Hindsight Generative Adversarial Imitation Learning
This addresses the challenge of data acquisition in imitation learning for AI agents, though it appears incremental as it builds on existing frameworks.
The paper tackles the problem of imitation learning requiring costly expert demonstrations by proposing Hindsight Generative Adversarial Imitation Learning (HGAIL), which achieves comparable performance to existing methods without needing demonstrations.

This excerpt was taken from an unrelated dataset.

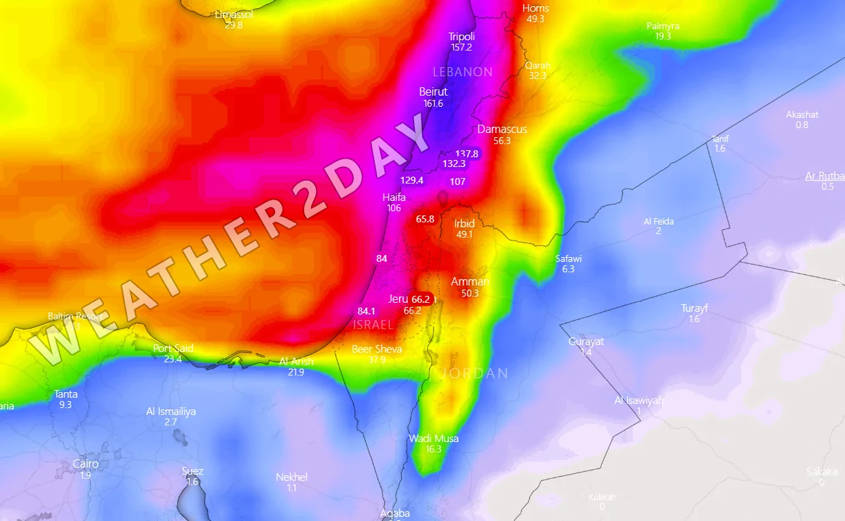 הצפי משתפר משמעותית, כמויות של 80+ במצטבר במישור החוף, בצפון מעל 100 מ"מ ובשדרת ההר סביב 60 מ"מ. קו חיתוך המשקעים באיזור צפון הנגב.

Compared to reinforcement learning, imitation learning (IL) is a powerful paradigm for training agents to learn control policies efficiently from expert demonstrations. However, in most cases, obtaining demonstration data is costly and laborious, which poses a significant challenge in some scenarios. A promising alternative is to train agent learning skills via imitation learning without expert demonstrations, which, to some extent, would extremely expand imitation learning areas. To achieve such expectation, in this paper, we propose Hindsight Generative Adversarial Imitation Learning (HGAIL) algorithm, with the aim of achieving imitation learning satisfying no need of demonstrations. Combining hindsight idea with the generative adversarial imitation learning (GAIL) framework, we realize implementing imitation learning successfully in cases of expert demonstration data are not available. Experiments show that the proposed method can train policies showing comparable performance to current imitation learning methods. Further more, HGAIL essentially endows curriculum learning mechanism which is critical for learning policies.